> _Assigned task_
Locate, in the data below, the line that contains "約(W)45~73*(D)32.7*(H)70cm耐重 : 層板約10KG、角管約5KG、圓管約1KG主要材質" and the line that contains "天然素材(マニラ麻)のバッグ"; reproduce exactly those two lines and every line between them, nothing more.

> _Records for the exercise_
★ ★ ★ ★

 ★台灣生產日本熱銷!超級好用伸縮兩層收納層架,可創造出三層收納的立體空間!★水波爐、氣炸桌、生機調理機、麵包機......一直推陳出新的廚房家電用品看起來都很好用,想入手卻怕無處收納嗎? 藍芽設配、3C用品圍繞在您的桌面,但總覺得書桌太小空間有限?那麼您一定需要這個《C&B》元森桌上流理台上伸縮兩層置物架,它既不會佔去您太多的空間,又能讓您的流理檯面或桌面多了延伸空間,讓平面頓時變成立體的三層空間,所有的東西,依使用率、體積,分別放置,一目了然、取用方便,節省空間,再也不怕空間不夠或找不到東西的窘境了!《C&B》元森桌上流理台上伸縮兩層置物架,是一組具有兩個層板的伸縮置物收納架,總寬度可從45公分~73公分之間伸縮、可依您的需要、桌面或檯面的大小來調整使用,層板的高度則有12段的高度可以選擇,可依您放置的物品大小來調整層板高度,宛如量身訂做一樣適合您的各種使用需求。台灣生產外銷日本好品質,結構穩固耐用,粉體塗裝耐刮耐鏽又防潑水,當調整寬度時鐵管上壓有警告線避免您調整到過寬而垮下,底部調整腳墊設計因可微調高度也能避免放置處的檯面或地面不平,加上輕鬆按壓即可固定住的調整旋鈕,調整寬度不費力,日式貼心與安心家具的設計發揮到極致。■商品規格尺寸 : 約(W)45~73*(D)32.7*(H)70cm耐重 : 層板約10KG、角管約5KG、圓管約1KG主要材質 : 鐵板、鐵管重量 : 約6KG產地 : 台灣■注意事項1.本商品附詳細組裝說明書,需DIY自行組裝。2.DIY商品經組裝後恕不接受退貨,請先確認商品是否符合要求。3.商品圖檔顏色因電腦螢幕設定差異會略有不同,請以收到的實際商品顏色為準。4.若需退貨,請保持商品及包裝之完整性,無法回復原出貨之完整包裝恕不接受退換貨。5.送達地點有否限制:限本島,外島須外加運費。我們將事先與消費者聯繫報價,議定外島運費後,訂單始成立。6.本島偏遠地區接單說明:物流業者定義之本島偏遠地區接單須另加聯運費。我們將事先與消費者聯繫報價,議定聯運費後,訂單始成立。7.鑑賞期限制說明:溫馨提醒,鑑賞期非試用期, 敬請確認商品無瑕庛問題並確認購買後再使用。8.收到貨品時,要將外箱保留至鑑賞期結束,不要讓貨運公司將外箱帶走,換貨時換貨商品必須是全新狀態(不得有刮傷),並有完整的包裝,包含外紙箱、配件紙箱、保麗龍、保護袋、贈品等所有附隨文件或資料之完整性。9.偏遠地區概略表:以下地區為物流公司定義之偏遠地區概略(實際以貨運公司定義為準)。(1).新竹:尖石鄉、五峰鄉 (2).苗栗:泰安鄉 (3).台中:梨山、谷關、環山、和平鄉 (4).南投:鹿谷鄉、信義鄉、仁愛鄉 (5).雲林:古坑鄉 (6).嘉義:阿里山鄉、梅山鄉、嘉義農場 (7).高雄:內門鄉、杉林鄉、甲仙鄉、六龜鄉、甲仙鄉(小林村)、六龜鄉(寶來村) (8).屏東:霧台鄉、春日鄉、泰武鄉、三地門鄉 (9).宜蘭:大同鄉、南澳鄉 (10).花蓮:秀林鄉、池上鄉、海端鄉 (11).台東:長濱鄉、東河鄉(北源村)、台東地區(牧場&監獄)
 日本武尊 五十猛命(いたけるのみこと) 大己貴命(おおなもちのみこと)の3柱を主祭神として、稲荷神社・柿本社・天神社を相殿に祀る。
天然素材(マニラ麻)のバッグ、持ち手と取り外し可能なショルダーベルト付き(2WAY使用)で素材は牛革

★ ★ ★ ★

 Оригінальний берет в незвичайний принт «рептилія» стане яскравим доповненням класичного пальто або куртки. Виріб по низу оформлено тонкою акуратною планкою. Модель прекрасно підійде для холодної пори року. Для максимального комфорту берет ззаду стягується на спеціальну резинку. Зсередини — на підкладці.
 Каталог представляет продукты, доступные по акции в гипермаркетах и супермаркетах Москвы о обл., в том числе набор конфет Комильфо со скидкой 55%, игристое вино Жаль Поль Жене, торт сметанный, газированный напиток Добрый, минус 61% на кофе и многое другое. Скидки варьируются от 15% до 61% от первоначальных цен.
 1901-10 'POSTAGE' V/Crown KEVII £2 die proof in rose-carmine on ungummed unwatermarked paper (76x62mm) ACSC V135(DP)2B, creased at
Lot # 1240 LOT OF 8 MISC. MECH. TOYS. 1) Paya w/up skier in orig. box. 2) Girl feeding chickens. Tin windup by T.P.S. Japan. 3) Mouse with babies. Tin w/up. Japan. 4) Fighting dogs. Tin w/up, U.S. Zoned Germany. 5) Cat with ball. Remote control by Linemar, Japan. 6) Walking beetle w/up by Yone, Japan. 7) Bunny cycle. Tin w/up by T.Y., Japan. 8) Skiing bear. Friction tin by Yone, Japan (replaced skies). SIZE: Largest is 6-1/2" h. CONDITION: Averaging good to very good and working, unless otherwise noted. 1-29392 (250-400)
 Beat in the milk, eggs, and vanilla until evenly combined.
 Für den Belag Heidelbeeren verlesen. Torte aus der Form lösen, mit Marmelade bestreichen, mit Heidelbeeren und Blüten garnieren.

★ ★ ★ ★

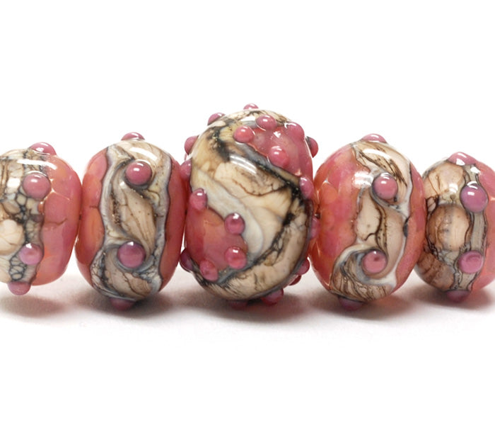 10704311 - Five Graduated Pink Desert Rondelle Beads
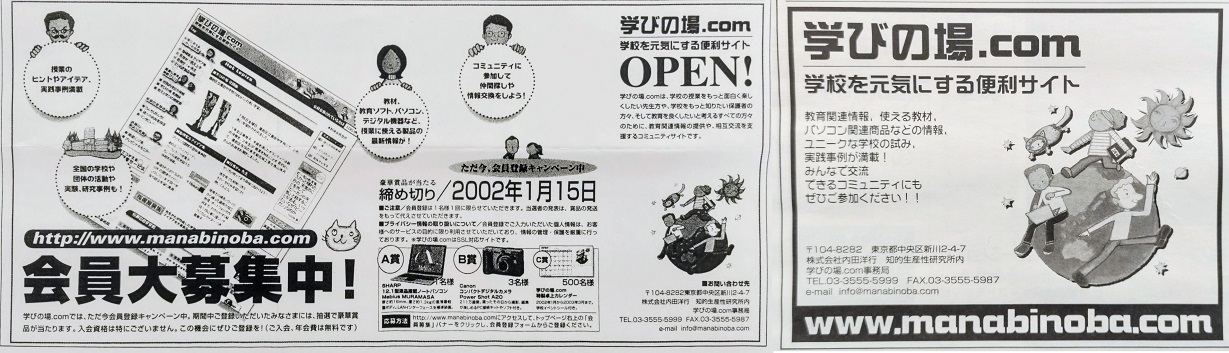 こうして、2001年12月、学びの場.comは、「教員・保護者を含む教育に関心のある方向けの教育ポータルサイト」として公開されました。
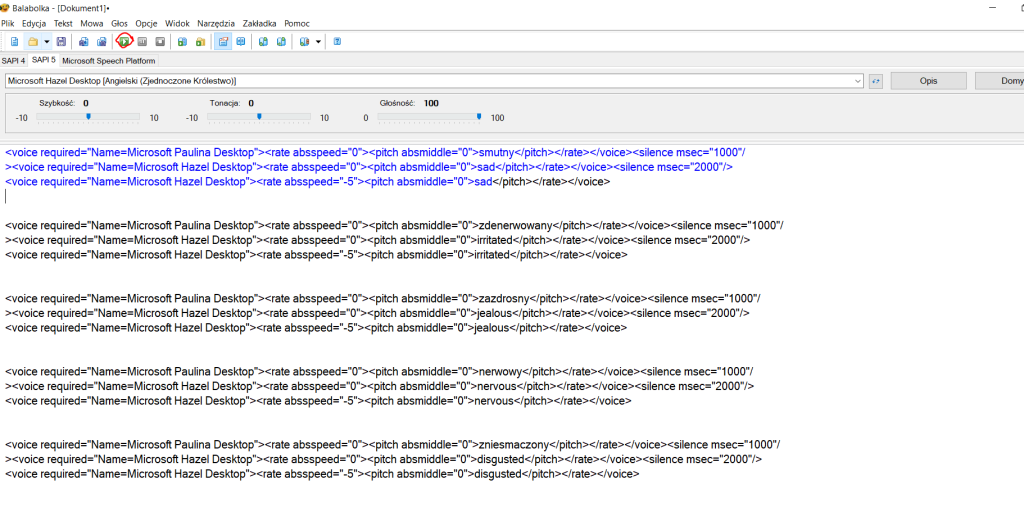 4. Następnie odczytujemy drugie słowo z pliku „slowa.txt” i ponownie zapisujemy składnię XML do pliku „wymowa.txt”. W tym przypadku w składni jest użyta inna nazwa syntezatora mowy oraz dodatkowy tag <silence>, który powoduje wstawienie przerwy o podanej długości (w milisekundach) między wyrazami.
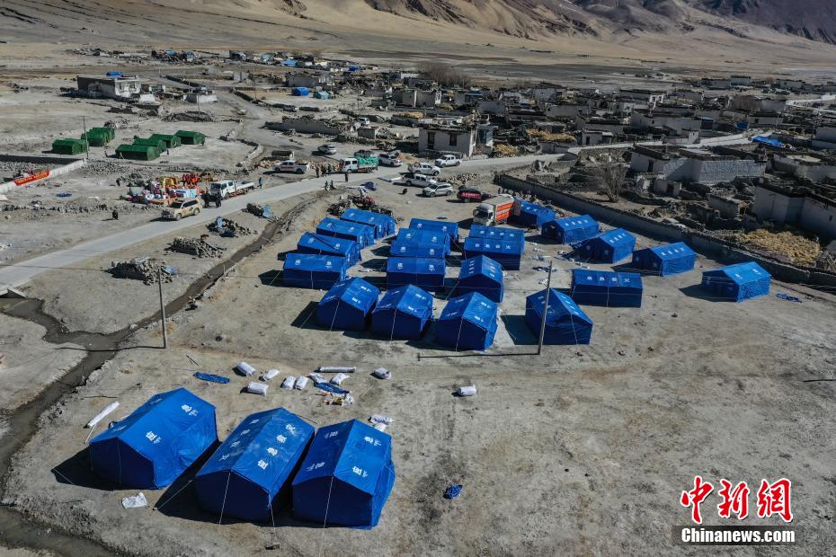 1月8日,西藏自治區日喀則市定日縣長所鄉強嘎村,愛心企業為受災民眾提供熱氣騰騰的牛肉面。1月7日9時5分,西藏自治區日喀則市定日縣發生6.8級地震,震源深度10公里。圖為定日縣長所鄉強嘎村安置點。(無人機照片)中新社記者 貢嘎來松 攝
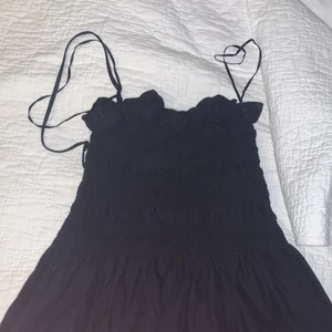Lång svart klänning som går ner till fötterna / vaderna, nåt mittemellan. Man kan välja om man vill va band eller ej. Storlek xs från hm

★ ★ ★ ★

> _Exercise output_
 ★台灣生產日本熱銷!超級好用伸縮兩層收納層架,可創造出三層收納的立體空間!★水波爐、氣炸桌、生機調理機、麵包機......一直推陳出新的廚房家電用品看起來都很好用,想入手卻怕無處收納嗎? 藍芽設配、3C用品圍繞在您的桌面,但總覺得書桌太小空間有限?那麼您一定需要這個《C&B》元森桌上流理台上伸縮兩層置物架,它既不會佔去您太多的空間,又能讓您的流理檯面或桌面多了延伸空間,讓平面頓時變成立體的三層空間,所有的東西,依使用率、體積,分別放置,一目了然、取用方便,節省空間,再也不怕空間不夠或找不到東西的窘境了!《C&B》元森桌上流理台上伸縮兩層置物架,是一組具有兩個層板的伸縮置物收納架,總寬度可從45公分~73公分之間伸縮、可依您的需要、桌面或檯面的大小來調整使用,層板的高度則有12段的高度可以選擇,可依您放置的物品大小來調整層板高度,宛如量身訂做一樣適合您的各種使用需求。台灣生產外銷日本好品質,結構穩固耐用,粉體塗裝耐刮耐鏽又防潑水,當調整寬度時鐵管上壓有警告線避免您調整到過寬而垮下,底部調整腳墊設計因可微調高度也能避免放置處的檯面或地面不平,加上輕鬆按壓即可固定住的調整旋鈕,調整寬度不費力,日式貼心與安心家具的設計發揮到極致。■商品規格尺寸 : 約(W)45~73*(D)32.7*(H)70cm耐重 : 層板約10KG、角管約5KG、圓管約1KG主要材質 : 鐵板、鐵管重量 : 約6KG產地 : 台灣■注意事項1.本商品附詳細組裝說明書,需DIY自行組裝。2.DIY商品經組裝後恕不接受退貨,請先確認商品是否符合要求。3.商品圖檔顏色因電腦螢幕設定差異會略有不同,請以收到的實際商品顏色為準。4.若需退貨,請保持商品及包裝之完整性,無法回復原出貨之完整包裝恕不接受退換貨。5.送達地點有否限制:限本島,外島須外加運費。我們將事先與消費者聯繫報價,議定外島運費後,訂單始成立。6.本島偏遠地區接單說明:物流業者定義之本島偏遠地區接單須另加聯運費。我們將事先與消費者聯繫報價,議定聯運費後,訂單始成立。7.鑑賞期限制說明:溫馨提醒,鑑賞期非試用期, 敬請確認商品無瑕庛問題並確認購買後再使用。8.收到貨品時,要將外箱保留至鑑賞期結束,不要讓貨運公司將外箱帶走,換貨時換貨商品必須是全新狀態(不得有刮傷),並有完整的包裝,包含外紙箱、配件紙箱、保麗龍、保護袋、贈品等所有附隨文件或資料之完整性。9.偏遠地區概略表:以下地區為物流公司定義之偏遠地區概略(實際以貨運公司定義為準)。(1).新竹:尖石鄉、五峰鄉 (2).苗栗:泰安鄉 (3).台中:梨山、谷關、環山、和平鄉 (4).南投:鹿谷鄉、信義鄉、仁愛鄉 (5).雲林:古坑鄉 (6).嘉義:阿里山鄉、梅山鄉、嘉義農場 (7).高雄:內門鄉、杉林鄉、甲仙鄉、六龜鄉、甲仙鄉(小林村)、六龜鄉(寶來村) (8).屏東:霧台鄉、春日鄉、泰武鄉、三地門鄉 (9).宜蘭:大同鄉、南澳鄉 (10).花蓮:秀林鄉、池上鄉、海端鄉 (11).台東:長濱鄉、東河鄉(北源村)、台東地區(牧場&監獄)
 日本武尊 五十猛命(いたけるのみこと) 大己貴命(おおなもちのみこと)の3柱を主祭神として、稲荷神社・柿本社・天神社を相殿に祀る。
天然素材(マニラ麻)のバッグ、持ち手と取り外し可能なショルダーベルト付き(2WAY使用)で素材は牛革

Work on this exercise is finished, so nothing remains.